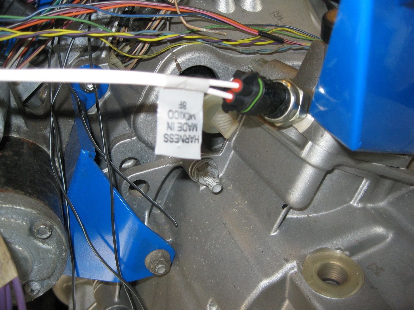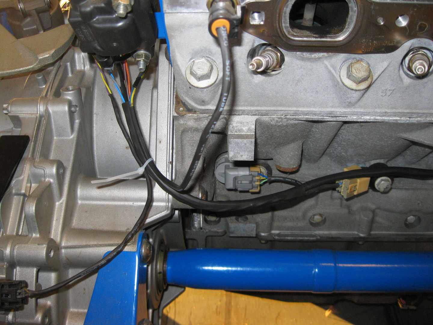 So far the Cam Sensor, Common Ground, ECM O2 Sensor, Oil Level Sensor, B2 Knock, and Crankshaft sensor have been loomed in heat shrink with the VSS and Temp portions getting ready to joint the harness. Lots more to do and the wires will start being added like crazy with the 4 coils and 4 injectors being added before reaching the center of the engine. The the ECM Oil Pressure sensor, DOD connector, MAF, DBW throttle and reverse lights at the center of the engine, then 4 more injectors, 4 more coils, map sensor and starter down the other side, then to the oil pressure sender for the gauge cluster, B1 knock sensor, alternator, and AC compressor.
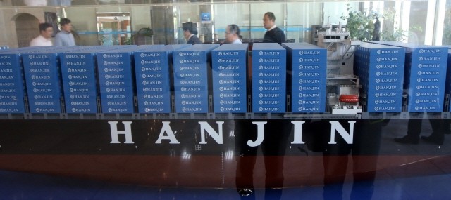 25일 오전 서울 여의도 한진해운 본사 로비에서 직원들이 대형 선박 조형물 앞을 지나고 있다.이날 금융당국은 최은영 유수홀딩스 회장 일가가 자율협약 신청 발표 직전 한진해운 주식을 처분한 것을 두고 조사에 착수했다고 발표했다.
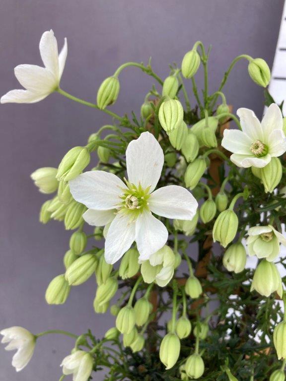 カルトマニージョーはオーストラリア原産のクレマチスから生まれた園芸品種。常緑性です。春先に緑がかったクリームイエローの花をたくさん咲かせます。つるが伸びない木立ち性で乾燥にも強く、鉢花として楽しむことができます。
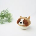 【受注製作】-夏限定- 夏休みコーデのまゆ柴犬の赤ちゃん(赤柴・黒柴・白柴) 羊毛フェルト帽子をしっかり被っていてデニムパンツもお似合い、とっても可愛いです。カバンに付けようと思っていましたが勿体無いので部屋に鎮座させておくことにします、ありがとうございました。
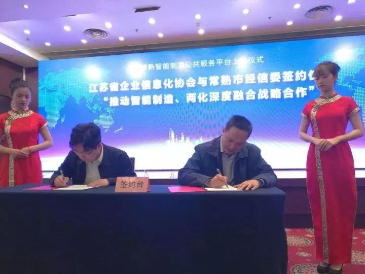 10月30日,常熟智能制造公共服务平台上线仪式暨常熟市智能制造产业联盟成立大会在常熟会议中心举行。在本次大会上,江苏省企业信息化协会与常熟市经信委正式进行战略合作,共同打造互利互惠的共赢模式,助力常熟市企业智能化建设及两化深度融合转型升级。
|---|
WHAT YOU WILL DO: Nothing but an exact copy belongs in the answer: the lines from the top of the records through the line containing "25일 오전 서울 여의도", minus the pictures.

WRITTEN SOLUTION:
 So far the Cam Sensor, Common Ground, ECM O2 Sensor, Oil Level Sensor, B2 Knock, and Crankshaft sensor have been loomed in heat shrink with the VSS and Temp portions getting ready to joint the harness. Lots more to do and the wires will start being added like crazy with the 4 coils and 4 injectors being added before reaching the center of the engine. The the ECM Oil Pressure sensor, DOD connector, MAF, DBW throttle and reverse lights at the center of the engine, then 4 more injectors, 4 more coils, map sensor and starter down the other side, then to the oil pressure sender for the gauge cluster, B1 knock sensor, alternator, and AC compressor.
 25일 오전 서울 여의도 한진해운 본사 로비에서 직원들이 대형 선박 조형물 앞을 지나고 있다.이날 금융당국은 최은영 유수홀딩스 회장 일가가 자율협약 신청 발표 직전 한진해운 주식을 처분한 것을 두고 조사에 착수했다고 발표했다.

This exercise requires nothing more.